_Task statement_
Take the entries that follow and return exactly the lines from the one holding "일본 린넨 스카프 대마" through the one holding "- 购买RM15 或以上Nescafe产品,可免费获得一个Nescafe 马克杯", both included. Nothing else is needed.

_Exercise data_
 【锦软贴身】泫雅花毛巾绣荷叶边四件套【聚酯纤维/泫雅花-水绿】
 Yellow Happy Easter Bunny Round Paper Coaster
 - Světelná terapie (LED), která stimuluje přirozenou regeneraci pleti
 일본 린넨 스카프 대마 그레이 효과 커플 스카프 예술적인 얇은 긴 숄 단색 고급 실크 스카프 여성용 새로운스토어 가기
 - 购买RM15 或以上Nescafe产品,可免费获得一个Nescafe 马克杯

==

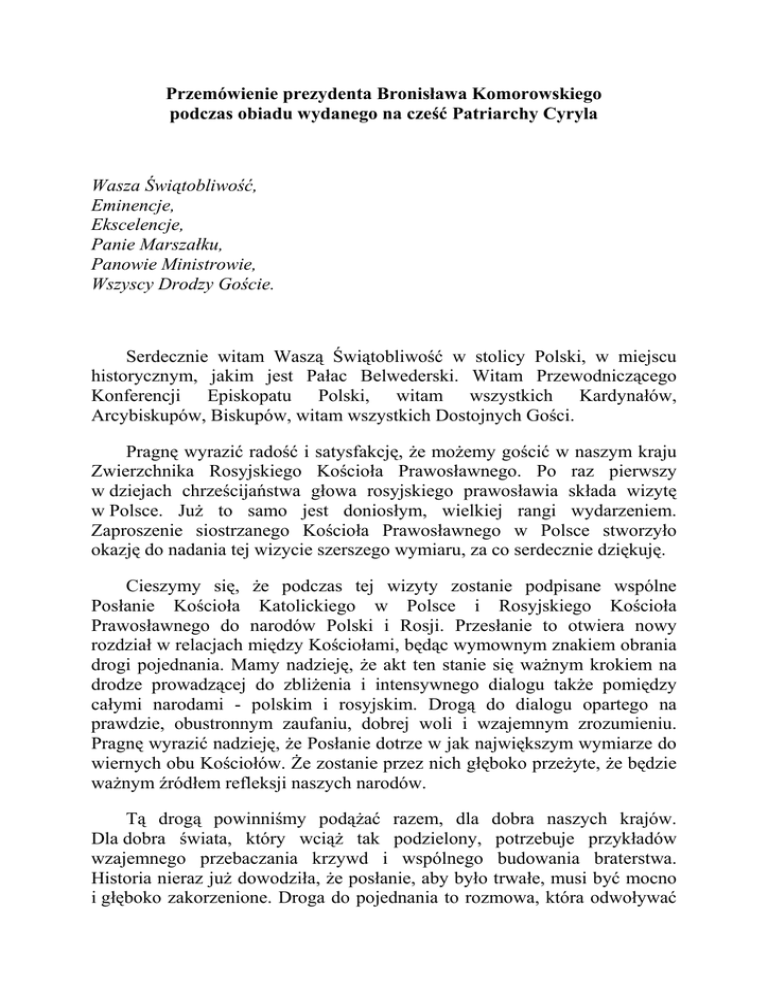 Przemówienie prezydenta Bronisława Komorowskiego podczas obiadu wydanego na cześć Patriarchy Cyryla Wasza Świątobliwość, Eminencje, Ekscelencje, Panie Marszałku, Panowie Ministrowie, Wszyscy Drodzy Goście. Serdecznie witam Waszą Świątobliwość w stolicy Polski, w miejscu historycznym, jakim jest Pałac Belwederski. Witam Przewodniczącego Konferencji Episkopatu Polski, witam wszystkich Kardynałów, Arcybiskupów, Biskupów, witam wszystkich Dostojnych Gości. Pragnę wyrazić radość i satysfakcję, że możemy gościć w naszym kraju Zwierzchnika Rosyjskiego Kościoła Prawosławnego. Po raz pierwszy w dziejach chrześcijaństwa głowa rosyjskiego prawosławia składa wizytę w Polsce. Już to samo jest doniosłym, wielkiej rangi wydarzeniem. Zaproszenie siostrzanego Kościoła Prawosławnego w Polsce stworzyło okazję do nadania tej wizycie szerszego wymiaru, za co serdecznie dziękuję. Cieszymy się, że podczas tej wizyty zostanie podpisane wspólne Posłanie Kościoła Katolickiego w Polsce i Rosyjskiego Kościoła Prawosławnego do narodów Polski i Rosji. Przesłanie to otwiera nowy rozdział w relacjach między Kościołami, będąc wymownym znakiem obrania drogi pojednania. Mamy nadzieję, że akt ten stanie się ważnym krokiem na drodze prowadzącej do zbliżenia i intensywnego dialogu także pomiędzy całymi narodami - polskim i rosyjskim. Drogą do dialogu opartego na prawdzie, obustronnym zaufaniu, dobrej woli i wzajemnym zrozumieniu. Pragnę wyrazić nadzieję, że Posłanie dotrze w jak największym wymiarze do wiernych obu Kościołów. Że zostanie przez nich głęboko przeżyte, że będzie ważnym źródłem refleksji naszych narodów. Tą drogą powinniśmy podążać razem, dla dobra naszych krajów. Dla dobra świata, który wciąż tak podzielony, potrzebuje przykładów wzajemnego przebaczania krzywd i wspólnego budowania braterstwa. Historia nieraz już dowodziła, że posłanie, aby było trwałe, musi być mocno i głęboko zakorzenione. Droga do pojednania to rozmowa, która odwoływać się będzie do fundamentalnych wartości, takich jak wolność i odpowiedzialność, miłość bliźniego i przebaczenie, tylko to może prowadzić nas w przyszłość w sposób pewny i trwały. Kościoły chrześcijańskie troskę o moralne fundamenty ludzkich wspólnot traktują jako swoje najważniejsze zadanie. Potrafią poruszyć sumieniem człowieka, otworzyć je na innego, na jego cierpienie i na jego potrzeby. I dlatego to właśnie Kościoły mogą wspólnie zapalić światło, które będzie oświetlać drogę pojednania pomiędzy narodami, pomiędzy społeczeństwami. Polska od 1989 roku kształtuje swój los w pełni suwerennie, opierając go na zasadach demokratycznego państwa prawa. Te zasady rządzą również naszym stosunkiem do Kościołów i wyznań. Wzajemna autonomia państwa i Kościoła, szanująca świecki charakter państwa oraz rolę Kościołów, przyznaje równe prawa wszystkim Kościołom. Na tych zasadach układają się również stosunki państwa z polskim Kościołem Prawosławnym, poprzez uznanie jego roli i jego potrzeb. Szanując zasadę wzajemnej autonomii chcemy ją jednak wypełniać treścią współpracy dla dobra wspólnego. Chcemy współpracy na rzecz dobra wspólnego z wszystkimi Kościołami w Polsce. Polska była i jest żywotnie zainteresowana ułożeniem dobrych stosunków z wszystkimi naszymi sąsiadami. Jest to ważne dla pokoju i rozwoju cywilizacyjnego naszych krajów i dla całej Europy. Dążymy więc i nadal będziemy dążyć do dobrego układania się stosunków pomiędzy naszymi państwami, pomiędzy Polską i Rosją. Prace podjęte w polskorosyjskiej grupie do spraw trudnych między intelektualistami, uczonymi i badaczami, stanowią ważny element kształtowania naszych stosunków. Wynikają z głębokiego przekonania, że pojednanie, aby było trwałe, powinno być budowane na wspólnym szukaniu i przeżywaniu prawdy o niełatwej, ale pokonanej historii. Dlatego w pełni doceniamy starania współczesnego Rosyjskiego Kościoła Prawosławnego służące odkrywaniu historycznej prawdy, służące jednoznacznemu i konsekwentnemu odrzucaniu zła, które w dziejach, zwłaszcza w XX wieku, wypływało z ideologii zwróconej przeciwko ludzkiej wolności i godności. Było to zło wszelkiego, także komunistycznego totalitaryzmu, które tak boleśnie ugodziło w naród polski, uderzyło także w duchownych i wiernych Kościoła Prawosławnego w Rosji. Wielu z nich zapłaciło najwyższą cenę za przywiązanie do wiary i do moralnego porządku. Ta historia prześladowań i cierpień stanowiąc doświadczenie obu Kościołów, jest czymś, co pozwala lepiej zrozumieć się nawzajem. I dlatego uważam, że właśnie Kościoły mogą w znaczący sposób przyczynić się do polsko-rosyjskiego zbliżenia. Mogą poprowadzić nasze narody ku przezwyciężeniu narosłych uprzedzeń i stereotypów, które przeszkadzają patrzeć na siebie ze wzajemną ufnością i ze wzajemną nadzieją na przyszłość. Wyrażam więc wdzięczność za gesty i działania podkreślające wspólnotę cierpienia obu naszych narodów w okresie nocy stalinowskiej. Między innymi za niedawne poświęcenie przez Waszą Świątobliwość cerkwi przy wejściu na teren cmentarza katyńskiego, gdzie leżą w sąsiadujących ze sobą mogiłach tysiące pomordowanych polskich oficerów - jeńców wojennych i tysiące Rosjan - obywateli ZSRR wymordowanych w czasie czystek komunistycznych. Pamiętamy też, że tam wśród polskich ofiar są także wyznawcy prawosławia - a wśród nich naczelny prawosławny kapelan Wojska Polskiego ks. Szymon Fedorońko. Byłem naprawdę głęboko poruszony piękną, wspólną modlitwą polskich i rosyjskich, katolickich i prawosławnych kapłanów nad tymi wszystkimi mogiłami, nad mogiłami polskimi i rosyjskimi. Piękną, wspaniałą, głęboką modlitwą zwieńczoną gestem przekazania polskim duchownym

_Solution for this exercise_
 일본 린넨 스카프 대마 그레이 효과 커플 스카프 예술적인 얇은 긴 숄 단색 고급 실크 스카프 여성용 새로운스토어 가기
 - 购买RM15 或以上Nescafe产品,可免费获得一个Nescafe 马克杯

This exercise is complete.